With respect to the 1997 removal order, the district court held that the Supreme Court's decisions in INS v. St. Cyr, 533 U.S. 289, 121 S.Ct. 2271, 150 L.Ed.2d 347 (2001), and Calcano-Martinez v. INS, 533 U.S. 348, 121 S.Ct. 2268, 150 L.Ed.2d 392 (2001), allowed it to entertain a habeas action that raised pure questions of law. However, the court rejected Mr. Robledo-Gonzales' argument that these recent Supreme Court decisions afforded every convicted alien a constitutional right to seek § 212(c) relief. Furthermore, the court noted that Mr. Robledo-Gonzales had applied for § 212(c) relief before the IJ; the IJ, however, had denied Mr. Robledo-Gonzales that relief after a full hearing. Consequently, because Mr. Robledo-Gonzales had not suffered any prejudice from the alleged deprivation, no constitutional violation had occurred.

Mr. Robledo-Gonzales timely appealed the district court's dismissal of his habeas petition.

II ANALYSIS
A. Propriety of the Petition for Habeas Corpus

The respondents maintain that Mr. Robledo-Gonzales is not currently in their custody, nor was he at the time he filed his petition for the writ of habeas corpus. Consequently, they argue, this court should dismiss the petition. We agree.

Mr. Robledo-Gonzales brings his present action pursuant to 28 U.S.C. § 2241. Although § 2241 is the substantive provision for the writ of habeas corpus, 28 U.S.C. §§ 2242 and 2243 set forth the procedure one must follow to bring a petition and to obtain the relief of the writ. Specifically, application for the writ "shall allege the facts concerning the applicant's commitment or detention, the name of the person who has custody over him and by virtue of what claim or authority, if known." 28 U.S.C. § 2242 ¶ 2. The court must then issue the writ or issue an order to show cause why the writ should not be granted. See 28 U.S.C. § 2243 ¶ 1. That document "shall be directed to the person having custody of the person detained." Id. ¶ 2. Furthermore, unless the writ raises only issues of law, "the person to whom the writ is directed shall be required to produce at the hearing the body of the person detained." Id. ¶ 5. These procedural requirements establish that "[t]he writ of habeas corpus does not act upon the prisoner who seeks relief, but upon the person who holds him in what is alleged to be unlawful custody." Braden v. 30th Judicial Circuit Court of Kentucky, 410 U.S. 484, 494-95, 93 S.Ct. 1123, 35 L.Ed.2d 443 (1973).

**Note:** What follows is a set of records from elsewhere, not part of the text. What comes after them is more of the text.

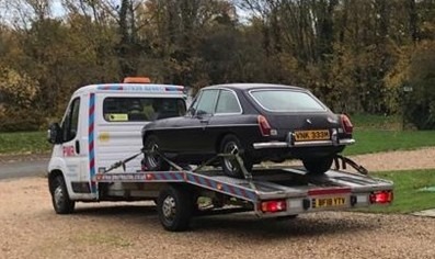 I hoped to be able to drive the car the 25 miles home but due to some serious carburettor fuel leaks, seized front brakes and flat tyres, it had to be trailered to my garage at home.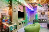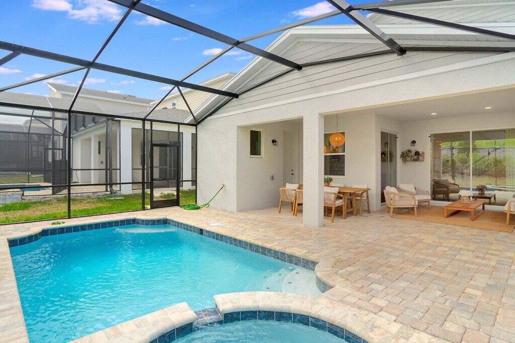 Experience a luxurious and fun-filled Orlando getaway in this stunning 7-bedroom home located in Solara Resort. Feel at home in this spacious property, perfect for families and groups. This home features elegant décor, an open-concept living area with high-end furnishings, and a fully equipped gourmet kitchen. Entertainment awaits in the Jurassic Park-themed game room and the Mickey-themed loft with games. There is also a laundry room and complimentary Wi-Fi. A welcome kit with starter supplies is provided, but replenishment of bathroom and kitchen items is the guest’s responsibility. Pool heating and barbecue use are available for an additional fee. Solara Resort is nestled in the heart of Orlando's renowned attractions. The resort boasts a wealth of amenities, including a Grand Clubhouse with fitness facilities, game rooms, and comfortable lounges. Nearby, you'll find shopping outlets and dining options. Quiet hours are observed between 10 PM and 8 AM. [SI]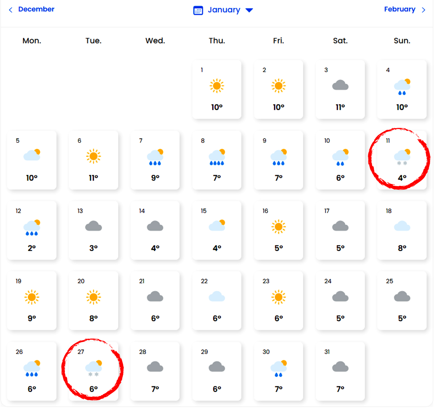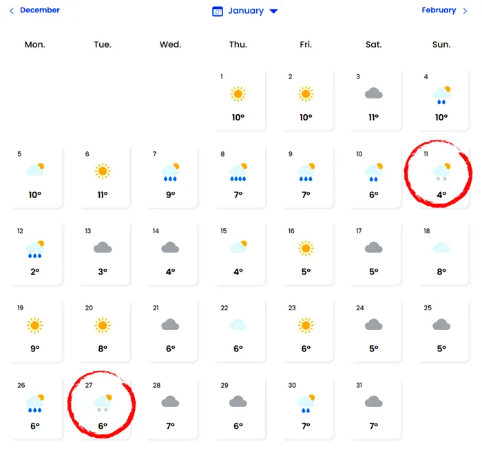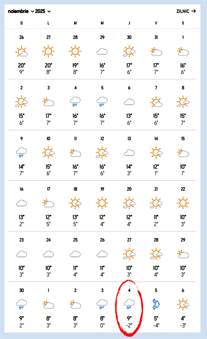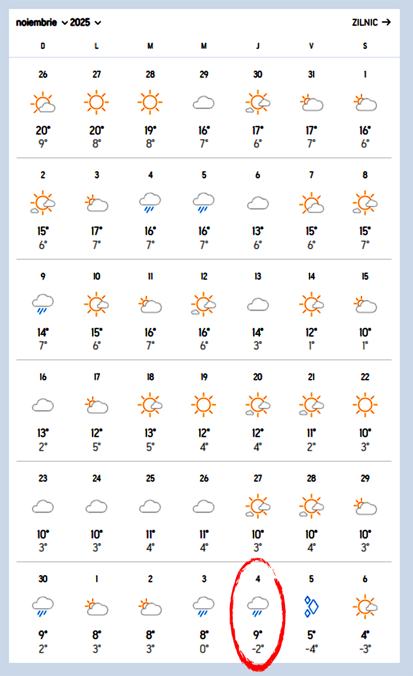 Astfel, în luna decembrie, prima lună de iarnă, în București nu sunt anunțate ninsori, potrivit meteorologilor EaseWeather. Va fi însă o lună cu zile mohorâte și ploioase. Sunt 8 zile în care plouă, în luna decembrie. În rest, vremea va fi închisă, iar temperaturile nu depășesc 10 grade C. Nu va ninge nici pe 20 decembrie, în ziua de Ignat.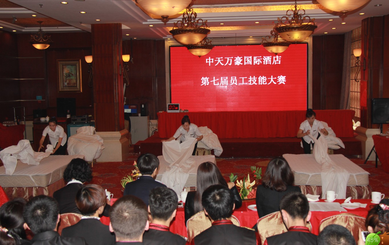 中天萬豪國際酒店一年一度的技能大賽,是檢驗(yàn)酒店員工業(yè)務(wù)技能水平的一個(gè)平臺(tái),是擇優(yōu)選拔技能高手的一次練兵,也是深入貫徹規(guī)范服務(wù),全面提高員工業(yè)務(wù)技術(shù)水平及綜合技能的一項(xiàng)重要舉措。11月21日下午,中天萬豪國際酒店第七屆員工技能大賽在碩果累累的深秋拉開了帷幕,由餐飲部、客房部、前廳部、娛樂部、財(cái)務(wù)部、保安部和工程部選派的85名選手參加了比賽和技能演示。酒店總經(jīng)理于洪波、副總經(jīng)理高子洋、職業(yè)技術(shù)學(xué)校董娜老師、酒店副總經(jīng)理高子洋出席了比賽現(xiàn)場(chǎng),并擔(dān)任評(píng)委,酒店副總高子洋在賽前致辭。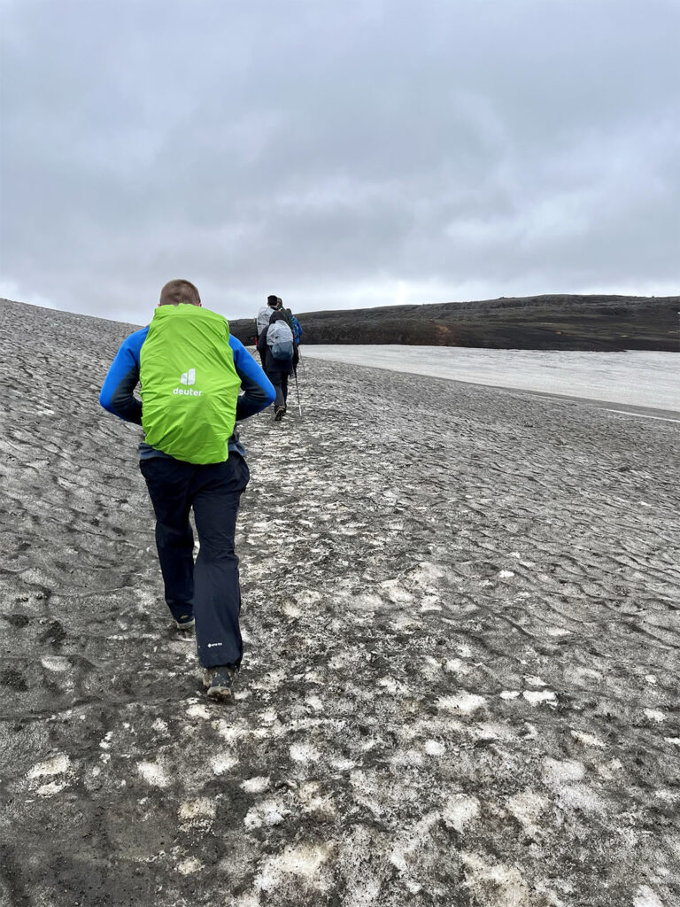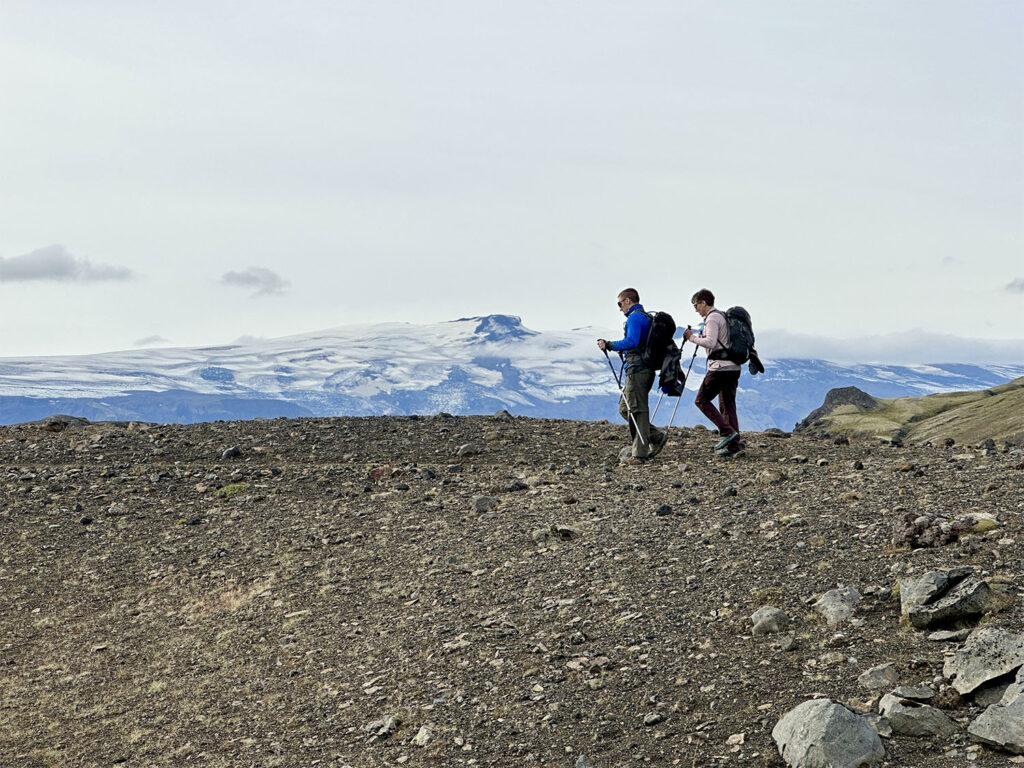As we pressed on, the landscape gradually transformed. The terrain grew greener, and soon we were walking among trees—an exciting sight after days of volcanic desert. Iceland’s only native tree, the white birch, lined our path. We paused atop a bald hill for lunch, taking in expansive views in every direction.
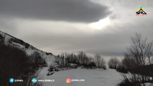 پس از صحبت های اولیه و مشخص شدن مسئولیت ها پیمایش خود را در مسیر برفی آغاز کردیم.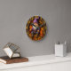 Autumn-themed wall clock featuring a whimsical purple gnome holding golden maple leaves in wooden frame. Fall decor with vibrant colors and gold numbers—perfect for cozy cabin or Thanksgiving gift.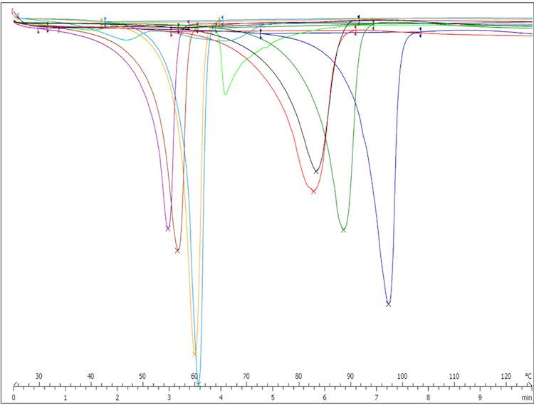 特里·思雷福尔及同事证实,APH晶体存在低熔点型和高熔点型。y轴表示晶体熔化时吸收的热量;曲线下的面积则表示测量到的吸热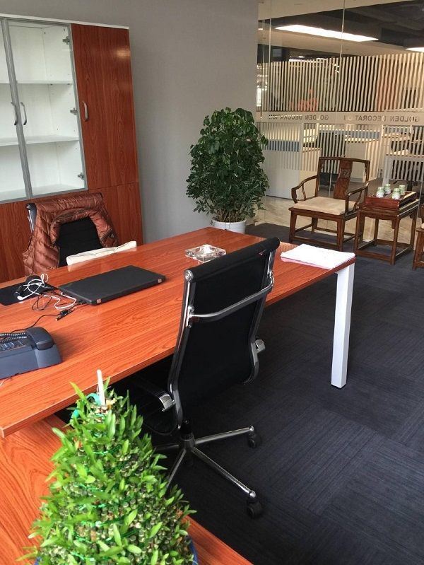 緊接著看到的是貴賓接待區(qū),這一部分的辦公室設計分為兩塊。一塊是中式雕花桌椅搭配屏風樣式的辦公室隔斷,另一部分則是現(xiàn)代風格的皮質包邊椅子搭配木質簡單書柜。這兩個部分的辦公室設計各具特色,但又在顏色上互相搭配,使得整個辦公室設計更加和諧。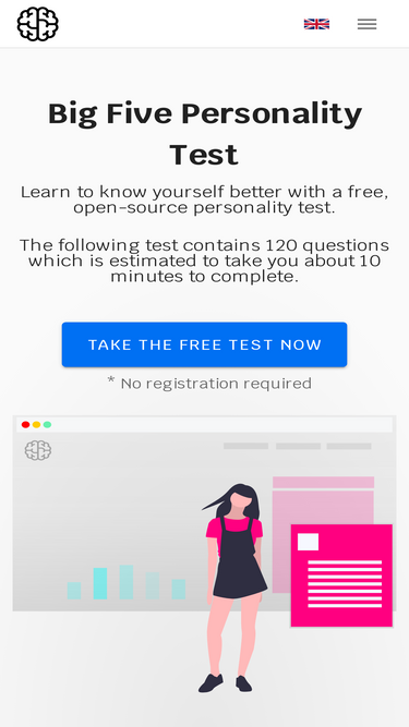 97%Take a free, open-source Big Five personality test. Learn to know your personality traits and compare yourself with your partner, colleagues, friends or family.

Consequently, a petition for a writ of habeas corpus must be directed to the individual or individuals who holds the petitioner in allegedly unlawful custody.

Furthermore, it is not sufficient that the named respondent simply be involved, in some manner, with the petitioner's detention. Sections 2242 and 2243 "indicate that the custodian is the person having a day-to-day control over the prisoner." Guerra v. Meese, 786 F.2d 414, 416 (D.C.Cir.1986). Specifically, when a prisoner is serving a sentence in a federal facility, "the warden of that facility is the prisoner's custodian within the meaning of 28 U.S.C. § 2242-2243 ...." Id.

At the time the present petition was filed, Mr. Robledo-Gonzales was incarcerated awaiting trial on the charge of illegal reentry. Consequently, the proper respondent to Mr. Robledo-Gonzales' habeas petition was the warden of the facility in which Mr. Robledo-Gonzales was being held. See id.6 Mr. Robledo-Gonzales' petition, however, failed to name the warden of the facility in which he was being detained. Mr. Robledo-Gonzales' petition named only the Attorney General, the Commissioner of the INS and the District Director of the INS, none of whom possessed "day-to-day" control over Mr. Robledo-Gonzales at the time the petition was filed.